* **WHAT YOU WILL DO**:
Transcribe the records below word for word, leaving every picture out.

--- RECORDS FOR THIS EXERCISE Enclosed Below ---

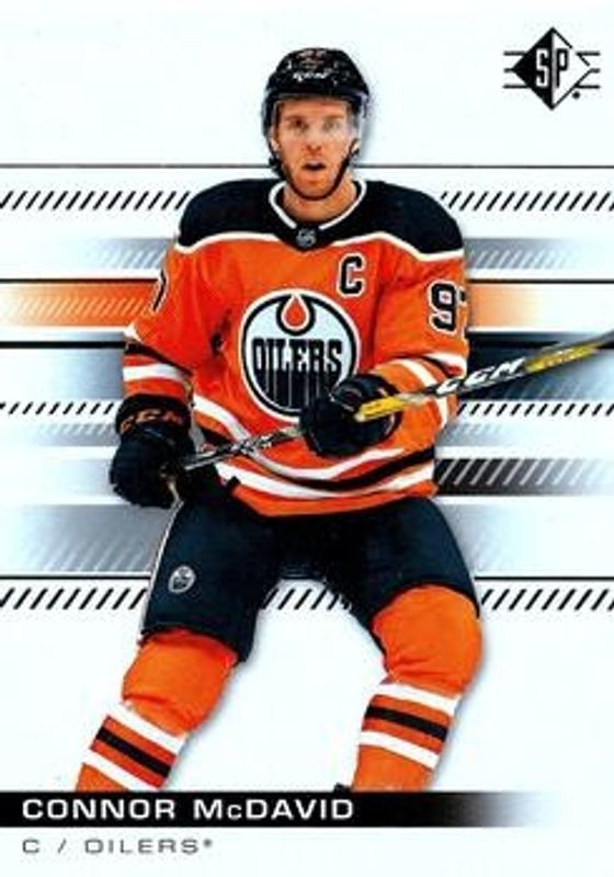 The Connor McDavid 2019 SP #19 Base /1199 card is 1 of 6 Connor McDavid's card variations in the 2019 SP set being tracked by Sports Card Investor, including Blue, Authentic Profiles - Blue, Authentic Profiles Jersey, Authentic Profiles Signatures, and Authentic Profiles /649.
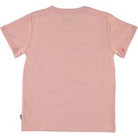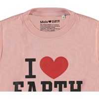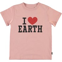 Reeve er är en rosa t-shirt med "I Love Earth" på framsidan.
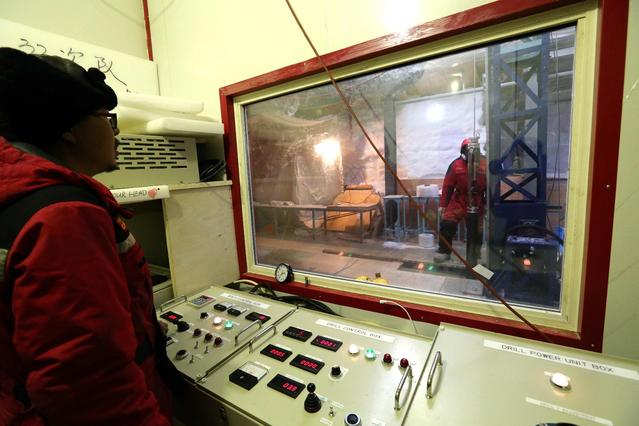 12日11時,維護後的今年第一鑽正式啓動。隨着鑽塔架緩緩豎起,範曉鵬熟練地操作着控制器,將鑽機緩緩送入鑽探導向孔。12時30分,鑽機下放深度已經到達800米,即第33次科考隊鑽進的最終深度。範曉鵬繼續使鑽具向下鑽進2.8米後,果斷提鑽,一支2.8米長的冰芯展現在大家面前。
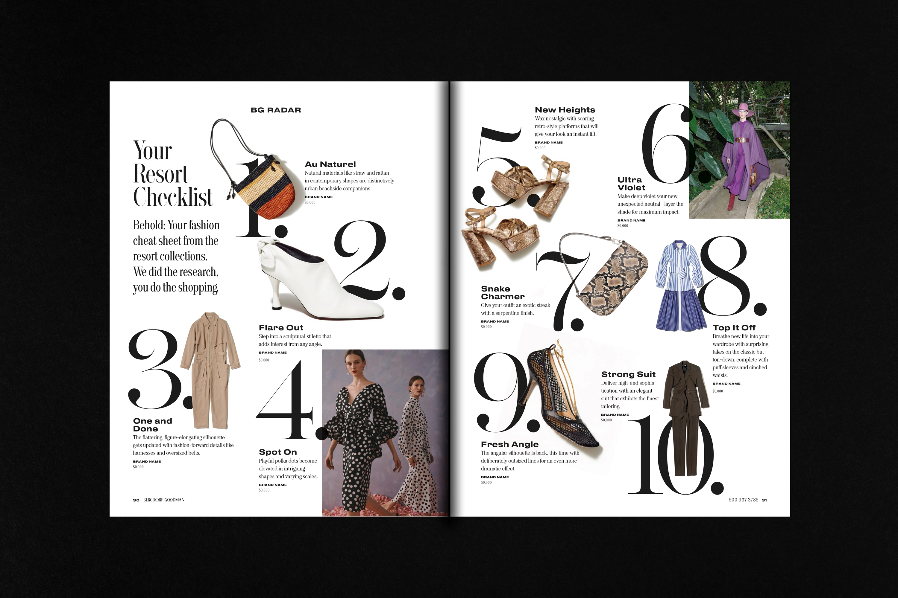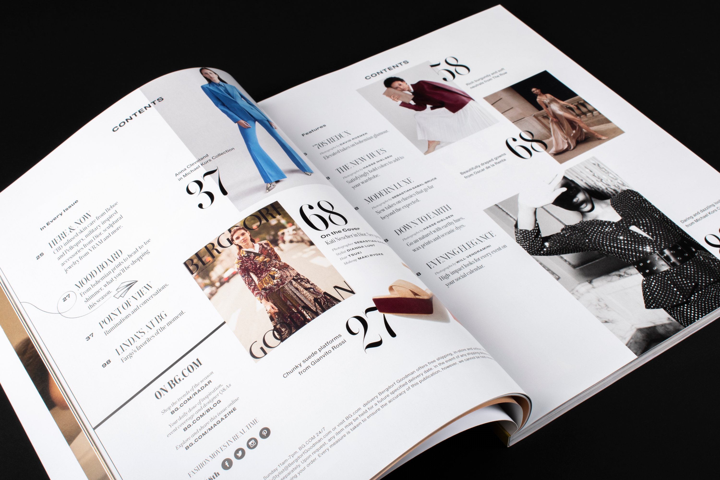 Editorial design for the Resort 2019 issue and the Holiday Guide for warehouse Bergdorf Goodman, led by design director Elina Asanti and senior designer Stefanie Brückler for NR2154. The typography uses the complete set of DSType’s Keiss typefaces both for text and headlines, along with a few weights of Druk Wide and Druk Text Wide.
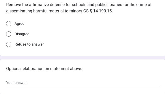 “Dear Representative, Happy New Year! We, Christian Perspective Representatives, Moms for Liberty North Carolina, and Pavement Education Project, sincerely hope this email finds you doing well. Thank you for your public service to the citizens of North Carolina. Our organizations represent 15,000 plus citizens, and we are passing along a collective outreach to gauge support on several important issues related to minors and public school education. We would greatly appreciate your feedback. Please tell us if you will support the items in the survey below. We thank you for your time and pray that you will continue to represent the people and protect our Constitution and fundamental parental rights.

--- End of Enclosed RECORDS FOR THIS EXERCISE ---

* **RESPONSE AREA**:
 The Connor McDavid 2019 SP #19 Base /1199 card is 1 of 6 Connor McDavid's card variations in the 2019 SP set being tracked by Sports Card Investor, including Blue, Authentic Profiles - Blue, Authentic Profiles Jersey, Authentic Profiles Signatures, and Authentic Profiles /649.
 Reeve er är en rosa t-shirt med "I Love Earth" på framsidan.
 12日11時,維護後的今年第一鑽正式啓動。隨着鑽塔架緩緩豎起,範曉鵬熟練地操作着控制器,將鑽機緩緩送入鑽探導向孔。12時30分,鑽機下放深度已經到達800米,即第33次科考隊鑽進的最終深度。範曉鵬繼續使鑽具向下鑽進2.8米後,果斷提鑽,一支2.8米長的冰芯展現在大家面前。
 Editorial design for the Resort 2019 issue and the Holiday Guide for warehouse Bergdorf Goodman, led by design director Elina Asanti and senior designer Stefanie Brückler for NR2154. The typography uses the complete set of DSType’s Keiss typefaces both for text and headlines, along with a few weights of Druk Wide and Druk Text Wide.
 “Dear Representative, Happy New Year! We, Christian Perspective Representatives, Moms for Liberty North Carolina, and Pavement Education Project, sincerely hope this email finds you doing well. Thank you for your public service to the citizens of North Carolina. Our organizations represent 15,000 plus citizens, and we are passing along a collective outreach to gauge support on several important issues related to minors and public school education. We would greatly appreciate your feedback. Please tell us if you will support the items in the survey below. We thank you for your time and pray that you will continue to represent the people and protect our Constitution and fundamental parental rights.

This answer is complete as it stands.